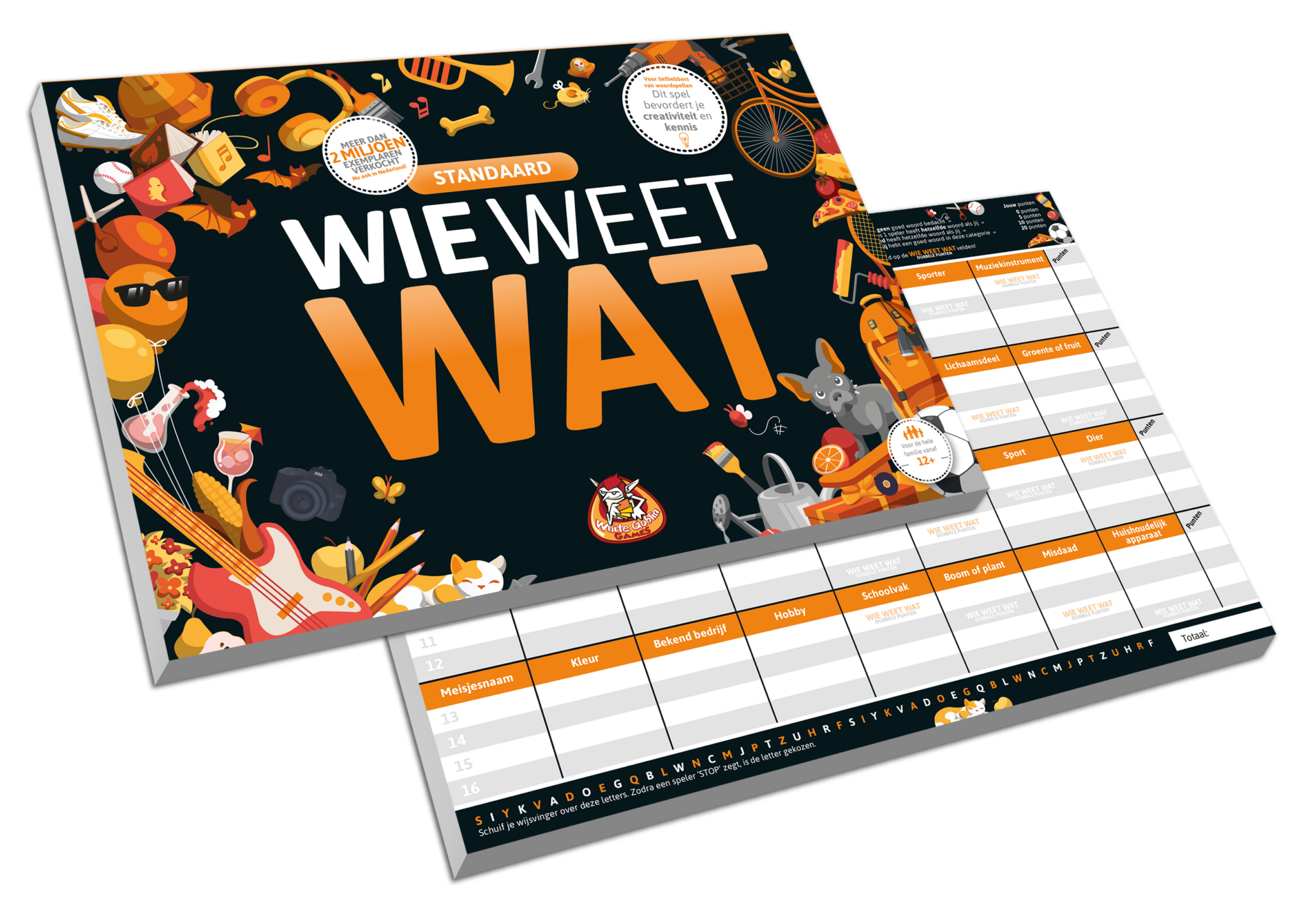 In Wie Weet Wat krijgt elke speler een blad waarop verschillende categorieën staan. Het spel begint zodra er een letter uit de letterbalk gekozen is. Daarna wordt de eerste rij gespeeld en moet je zo snel mogelijk elke categorie invullen met een woord dat begint met de gekozen letter. Dit gaat verder totdat je alle rijen zijn gevuld. Daarna worden de punten bij elkaar op geteld. De speler met de meeste punten wint Wie Weet Wat.
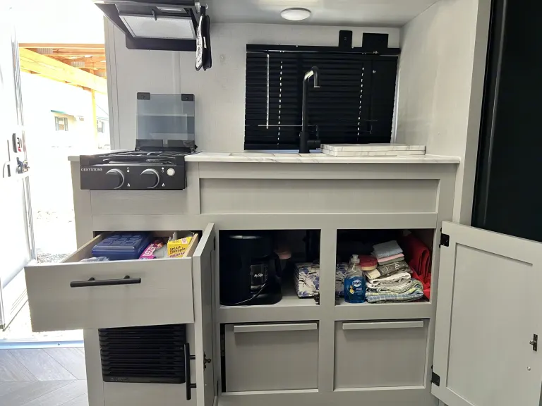 * 11 CU FT Frost Free Double Door 12-Volt RefrigeratorWhat's includedPots and pans, towels, cutlery, linens, coffee maker, bluetooth speaker, roku TV and more!RecommendationsGreat boondocking rig but you'll need a generator. Amazing at a full service RV park with shore power.Other things to noteIf you're looking for a travel trailer to rent, Pearly's been true! I also offer, scenic, private primitive camping on the Buffalo river and Tennessee River with, or without an RV rental! Pretty great, right?! Drop me a message if you have any questions or want to know more. Hope to see you soon!
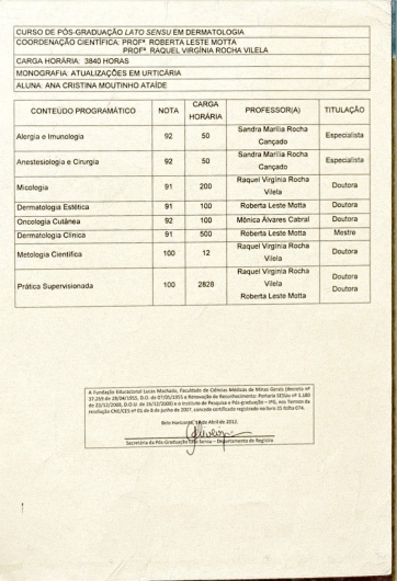 Quais são as principais especialidades de Ana Cristina Moutinho Ataide?Ana Cristina Moutinho Ataide é especialista em medicina estética. Te mostramos alguns dos serviços oferecidos pelo especialista graças à sua trajetória e vasta experiência: Dermarroller, Tratamento de psoríase, Eletro Coagulacao De Lesao Cutanea, Medical codes ou (MD codes), Cirurgia Do Xantelasma, Desencravamento de Pelos, Tricoscopia, Exérese de unha, Laser de Co2, Crioterapia.
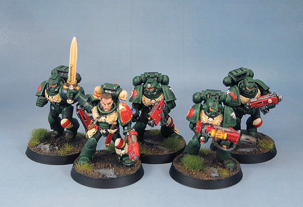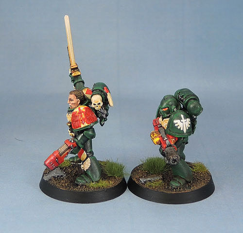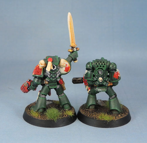 I also had a whole bunch of metal marine shoulderpads. I thought the Deathwing pad looked rather spiffy, though where to use them? The solution was to consider Veteran Sergeants (which were an upgrade option at the time) to be “Deathwing Initiates”. The background speaks of circles within circles amongst the Dark Angels, so I felt that the promotion to Veteran Sergeant justified that extra little bit of fluff – and bling. Hence the bone-coloured pauldrons and red Deathwing Chapter badge. Bone-coloured power sword? Why not!
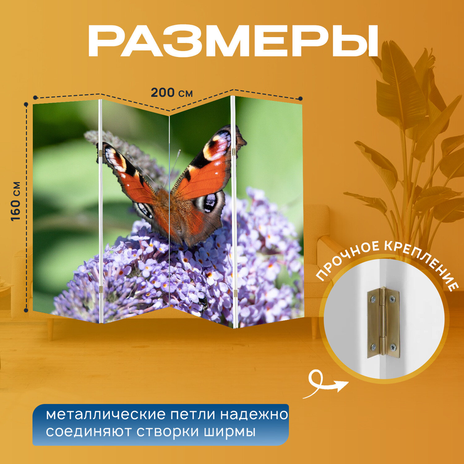 Ширма "Бабочка павлиний, бабочка, летний сиреневый" раскладная перегородка для зонирования с принтом на холсте информация:
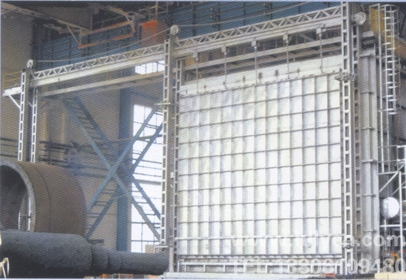 臺車式退火爐鋼 結構主要包括爐殼支撐框架和驅動設備支撐框架(平臺鋼結構)。考慮到爐殼潛在的熱脹冷縮因素,各段爐殼支撐框架與平臺鋼結構采川相互獨立結構。各爐段的底 輥室先安裝就位,以自己四角立柱為基準完成4個..
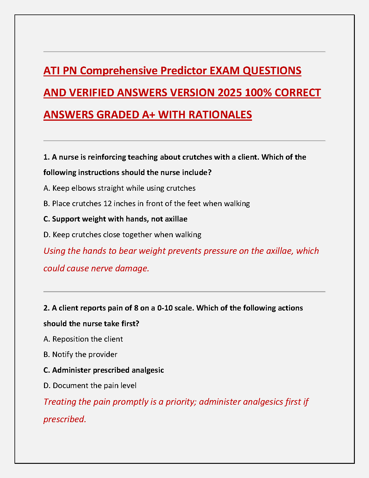 Ace your ATI PN Comprehensive Predictor exam on the very first try with our latest 2025 test bank. This essential study resource is designed for the 2025/2026 academic year and provides a complete set of exam questions paired with 100% verified, correct answers. Each answer is accompanied by a detailed rationale, helping you understand the core concepts, not just memorize the facts. Achieve an A+ grade and confidently step into your nursing career. This digital test bank is your ultimate tool to avoid resits and pass with flying colors.

__Description of the task__: Please reproduce the entries above line by line, exactly, leaving out each image.

__Response__:
 In Wie Weet Wat krijgt elke speler een blad waarop verschillende categorieën staan. Het spel begint zodra er een letter uit de letterbalk gekozen is. Daarna wordt de eerste rij gespeeld en moet je zo snel mogelijk elke categorie invullen met een woord dat begint met de gekozen letter. Dit gaat verder totdat je alle rijen zijn gevuld. Daarna worden de punten bij elkaar op geteld. De speler met de meeste punten wint Wie Weet Wat.
 * 11 CU FT Frost Free Double Door 12-Volt RefrigeratorWhat's includedPots and pans, towels, cutlery, linens, coffee maker, bluetooth speaker, roku TV and more!RecommendationsGreat boondocking rig but you'll need a generator. Amazing at a full service RV park with shore power.Other things to noteIf you're looking for a travel trailer to rent, Pearly's been true! I also offer, scenic, private primitive camping on the Buffalo river and Tennessee River with, or without an RV rental! Pretty great, right?! Drop me a message if you have any questions or want to know more. Hope to see you soon!
 Quais são as principais especialidades de Ana Cristina Moutinho Ataide?Ana Cristina Moutinho Ataide é especialista em medicina estética. Te mostramos alguns dos serviços oferecidos pelo especialista graças à sua trajetória e vasta experiência: Dermarroller, Tratamento de psoríase, Eletro Coagulacao De Lesao Cutanea, Medical codes ou (MD codes), Cirurgia Do Xantelasma, Desencravamento de Pelos, Tricoscopia, Exérese de unha, Laser de Co2, Crioterapia.
 I also had a whole bunch of metal marine shoulderpads. I thought the Deathwing pad looked rather spiffy, though where to use them? The solution was to consider Veteran Sergeants (which were an upgrade option at the time) to be “Deathwing Initiates”. The background speaks of circles within circles amongst the Dark Angels, so I felt that the promotion to Veteran Sergeant justified that extra little bit of fluff – and bling. Hence the bone-coloured pauldrons and red Deathwing Chapter badge. Bone-coloured power sword? Why not!
 Ширма "Бабочка павлиний, бабочка, летний сиреневый" раскладная перегородка для зонирования с принтом на холсте информация:
 臺車式退火爐鋼 結構主要包括爐殼支撐框架和驅動設備支撐框架(平臺鋼結構)。考慮到爐殼潛在的熱脹冷縮因素,各段爐殼支撐框架與平臺鋼結構采川相互獨立結構。各爐段的底 輥室先安裝就位,以自己四角立柱為基準完成4個..
 Ace your ATI PN Comprehensive Predictor exam on the very first try with our latest 2025 test bank. This essential study resource is designed for the 2025/2026 academic year and provides a complete set of exam questions paired with 100% verified, correct answers. Each answer is accompanied by a detailed rationale, helping you understand the core concepts, not just memorize the facts. Achieve an A+ grade and confidently step into your nursing career. This digital test bank is your ultimate tool to avoid resits and pass with flying colors.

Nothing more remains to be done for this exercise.